The LeStrange Viols are a group of six American violists who came together to revive the Renaissance music of the 16th and 17th centuries.

Though this classical music was performed using different instruments than what our generations are accustomed to hearing. These musicians used a collection of instruments called a consort and is made up of viols, or violas da gamba.

Viols are six-stringed musical instruments held vertically and played with a bow. All forms vary in size from small, medium and large.

Treble viol player Loren Ludwig and bass viol player Douglas Kelley gave a bit of insight into their lives. They refer to themselves as the “LeStrangers.”

Both men’s passion for the viols began during their childhood, describing their discovery of the viols as a fortunate event of being at “a very impressionable age at just the right time,” Ludwig said.

Kelley found viols through a local museum and through the countless books he constantly read. Ludwig, on the other hand, found the viols in a French film called (in English) “All the Mornings of the World.”

“Doug’s an outlier,” Ludwig said. “Almost everybody in our generation that plays this instrument plays it because this movie came out in the early 90s that had this wonderful soundtrack …”

Since their passion was ignited, they lived their lives learning how to play and perfect the viols.

In fact, most of the LeStrangers went to the same college — Oberlin College and Conservatory. That’s how they came together as a group, through the connections they made during their college years.

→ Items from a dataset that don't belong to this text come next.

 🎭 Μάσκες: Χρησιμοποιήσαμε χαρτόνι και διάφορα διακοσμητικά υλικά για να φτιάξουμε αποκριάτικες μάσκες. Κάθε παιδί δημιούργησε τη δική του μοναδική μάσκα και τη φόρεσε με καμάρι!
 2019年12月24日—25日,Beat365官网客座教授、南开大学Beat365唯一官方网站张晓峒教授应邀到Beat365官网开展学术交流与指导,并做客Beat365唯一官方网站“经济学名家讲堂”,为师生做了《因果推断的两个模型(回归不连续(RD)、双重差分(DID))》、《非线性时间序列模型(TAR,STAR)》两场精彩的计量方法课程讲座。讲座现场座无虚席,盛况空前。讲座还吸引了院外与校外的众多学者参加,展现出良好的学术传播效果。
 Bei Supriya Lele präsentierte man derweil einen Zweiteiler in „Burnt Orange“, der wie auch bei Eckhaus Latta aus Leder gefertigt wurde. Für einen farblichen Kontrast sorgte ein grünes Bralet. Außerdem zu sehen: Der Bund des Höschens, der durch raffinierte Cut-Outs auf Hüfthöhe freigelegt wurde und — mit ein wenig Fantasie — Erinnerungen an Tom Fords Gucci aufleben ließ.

Though playing in the LeStrange Viols group is what they love to do, the musicians do have another career. Ludwig teaches college courses, and Kelley is in business.

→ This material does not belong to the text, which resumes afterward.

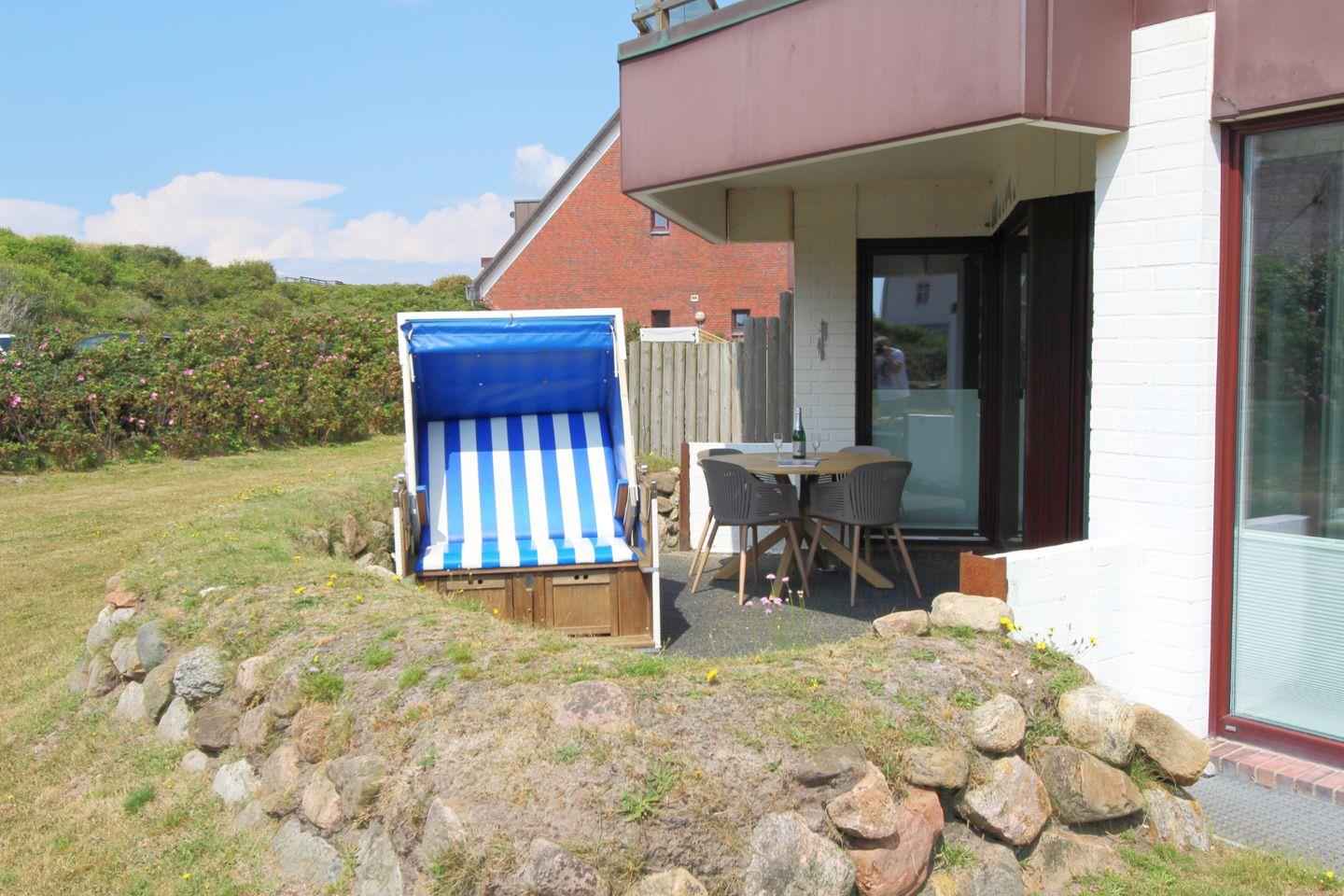 Auf der sonnigen Süd-West-Terrasse können Sie schon in den Morgenstunden ein kräftigendes Frühstück zu sich nehmen und dabei dem Rauschen des Meeres lauschen. Ein Strandkorb steht in der Saison (April bis Oktober) bereit. Erleben Sie Sylt-Urlaub von seiner schönsten Seite!

When they’re not in the real world, the LeStrange Viols take the audience back to the Renaissance, during a time of romantic imagination.

“There are moments when you can just sail on the music that you’re playing,” Ludwig said. “That’s wonderful when it happens, and that happens at least a couple times in every piece, but it’s mixed in with all the concentration.”

Since the pieces are typically comprised using six instruments, Kelley said the harmony they create takes a lot of brain power.

“Very often it looks like we’re completely engrossed in the music,” Kelley said. “But, in fact, we tend to be connected in this little space in front of us, which is where all the sound is happening and where all the articulation is happening.”

Their efforts are not in vain, though.

When I sat in that church and watched as the snow fell outside, I couldn’t help but think of Shakespeare’s plays, fairies in the woods and other scenes of serenity and mystic adventure.